Roma che interrompe il suo declino è una città diversa da quella che subiamo ogni giorno. È una città: telematica (percorsa da reti civiche su fibra ottica); energetica (che produce e risparmia energia); mobile (che non limita i suoi spostamenti alle quattro ruote private); solidale (che non dimentica i luoghi di provenienza dei suoi immigrati e le ragioni della loro migrazione); in formazione permanente (a prescindere dall’età e dallo status occupazionale); “immaginaria” (che rielabora la sua cultura politica sulla base di nuove piattaforme di progettualità e di conflitto).6


 

[1] L. Caminiti, Anno breve di “accattone”, in L. Caminiti (a cura di), Roma capoccia. Cronache di una metropoli in 23 scrittori, DeriveApprodi, Roma 2005, p. 5.

[2] F. Purini, Conflitti romani, in M. Berlinguer (a cura di), La riva sinistra del Tevere. Mappe e conflitti nel territorio metropolitano di Roma, Transform! Italia, Roma 2005, pp. 13-15.

[3] G. Berlinguer, P. Della Seta, Borgate di Roma, Editori Riuniti, Roma 1976.

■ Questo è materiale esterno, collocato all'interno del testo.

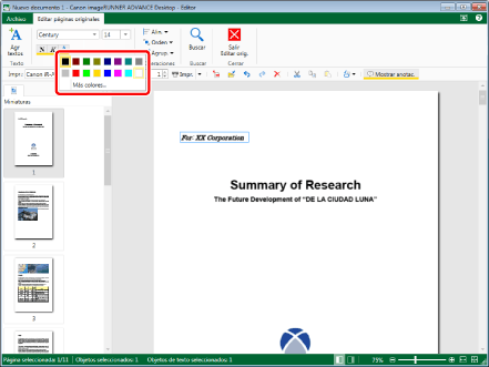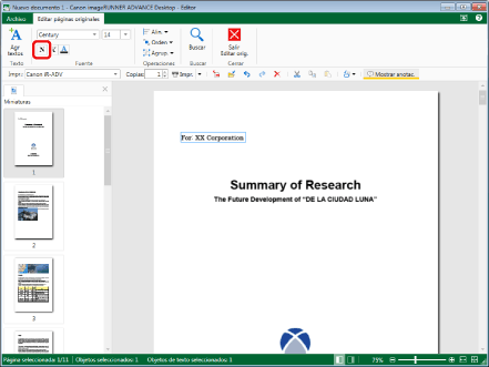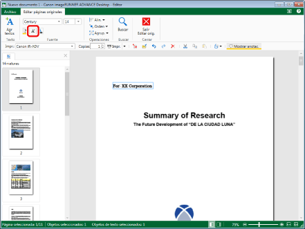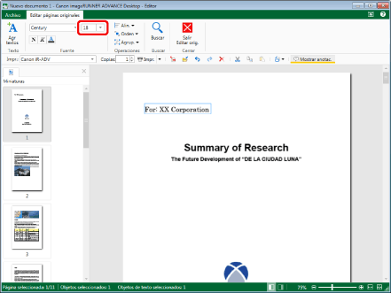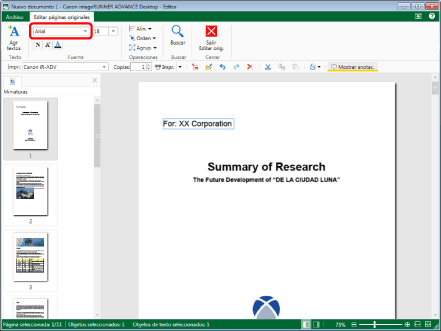En el Modo de edición de páginas originales de Desktop Editor, puede establecer la fuente para los objetos de texto.

[4] Si veda su tutte F. Ferrarotti, Roma da capitale a periferia, Laterza, Roma-Bari 1970.

[5] R. Benini, P. De Nardis, Capitale senza capitale. Roma e il declino d’Italia, Donzelli editore, Roma 2013.

[6] Si veda S. Galezzi, La città come spazio della “rete”, in O. Marchisio, G. M. De Pieri (a cura di), Il territorio dei soggetti. Genetica di classe della moltitudine, Manifestolibri, Roma 2003, pp. 89-104. Tra le immagini di Roma esperite da indagini sociologiche degli
anni passati si segnala un lavoro che ebbe se non altro il merito, in tempi non sospetti, di contrastare la nascente “ideologia della sicurezza”: P. De Nardis, A. Santori (a cura di), Disagi urbani e confl ittualità nella Roma di fi ne millennio, Maggioli, Rimini 1997.